Prevention: Sterile water, clean equipment, clean surface, clean skin

In addition to using a new, sterile syringe for every injection, sterile water, a clean surface, clean equipment, and clean skin are essential to reducing infection risk. Some ways to achieve this include:

  • Boiling water to sterilize it prior to using it for injection is a standard recommendation, but this advice may be especially important for people who live in homes that rely on well water. Wells can become infected with bacteria from the environment, usually from animal fecal material.
  • Preparing the drug on a clean surface can help reduce infection risk. This may not be difficult for people who can use drugs in a home but poses a challenge for people who must inject in public places where there may be few surfaces or none that are clean.
  • If there is no clean place put equipment while preparing to inject, the best option may be covering the surface with an article of clothing or newspaper.
  • Avoid the temptation to hold the syringe (or other equipment) in the mouth to avoid setting it down on a dirty surface. The mouth is full of bacteria that are dangerous if they enter the blood stream.
  • Equipment that will be reused, such as a tourniquet and the spoon or other container in which the drug is liquified, should be washed thoroughly after each use.
  • Clean the skin well with soap and water or an alcohol wipe. Cleaning the skin doesn’t really kill bacteria but moves bacteria away from the planned injection site.

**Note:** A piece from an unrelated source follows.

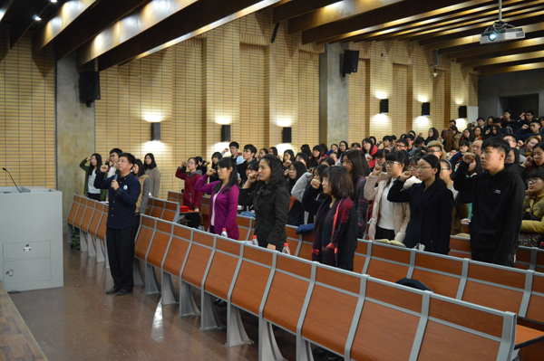 首先,许建农老师为日语系举行了“蓝色盾牌”禁毒志愿者大队的授旗仪式,随后主讲了禁毒防艾知识讲座,播放了触动人心的教育片《与死神共舞》,并带领日语系全体同学宣誓成为高校禁毒志愿者,为禁毒工作做出贡献。

The North Carolina Harm Reduction Coalition has an excellent, short guide to safer injecting.

Prevention: Wound care

PWID may experience a variety of wounds to the skin and soft tissue under it. The two most important kinds of wounds, relative to endocarditis, are cellulitis and abscesses, both of which can be sources of bacteria that go on to infect the heart. Wound care is an important harm reduction service and a way to prevent endocarditis and other serious infections. Wound care “clinics” or services can be offered at a syringe service or other harm reduction program. Wound care is often a nursing intervention and can be provided at a site with other harm reduction services or on a walk-in basis during a regular time at a doctor’s office or clinic in your community.

The Minnesota Department of Health has developed a concise resource on safer injection practices for PWID that also mentions wound care. NEXT Distro has a detailed guide with images that could be helpful to harm reduction and healthcare providers.

Next Steps

  • Increase awareness of endocarditis by distributing the NIDA infographic on endocarditis to consortium members and display it wherever possible.
  • Share the brief report published Clinical Cardiology in February 2022 with public health and healthcare providers in your community and work to make sure that all people with OUD receive naloxone upon hospital discharge.
  • Talk with consortium members, healthcare providers, and harm reductionists in your community about what they are observing and what efforts they might already have in place to identify and reduce endocarditis and how to amplify these efforts.